Compares two XML documents by diffing their text, ignoring structure, and wraps changed text in <del>/<ins> tags.

Project description

Compares the text inside two XML documents and marks up the differences with <del> and <ins> tags.

This is the result of about 7 years of trying to get this right and coded simply. I’ve used code like this in one form or another to compare bill text on GovTrack.us <https://www.govtrack.us>.
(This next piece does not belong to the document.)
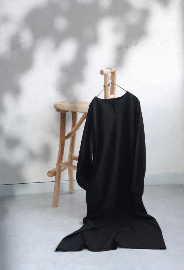 シンプルながらもシルエットに拘ったブラックワンピース。
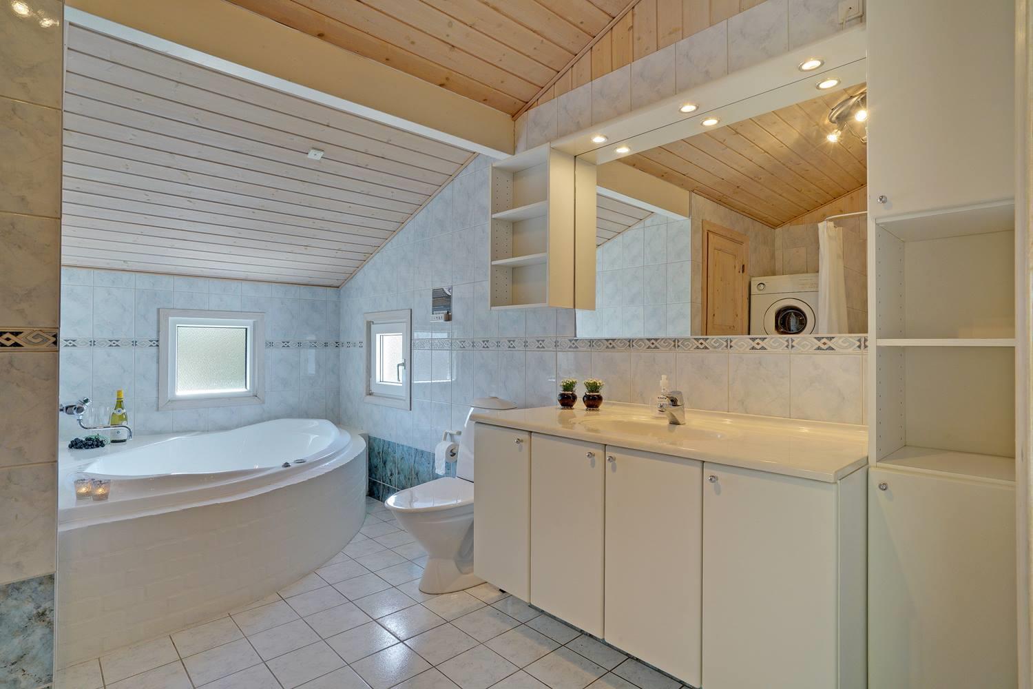 3 soveværelser giver behagelige rammer for afslappende nætter. Badeværelset er et særligt plus: Gulvvarme, sauna og spabad skaber små wellnessoplevelser – helt uafhængigt af vejret.

The comparison is completely blind to the structure of the two XML documents. It does a word-by-word comparison on the text content only, and then it goes back into the original documents and wraps changed text in new <del> and <ins> wrapper elements.

The documents are then concatenated to form a new document and the new document is printed on standard output. Or use this as a library and call compare yourself with two lxml.etree.Element nodes (the roots of your documents).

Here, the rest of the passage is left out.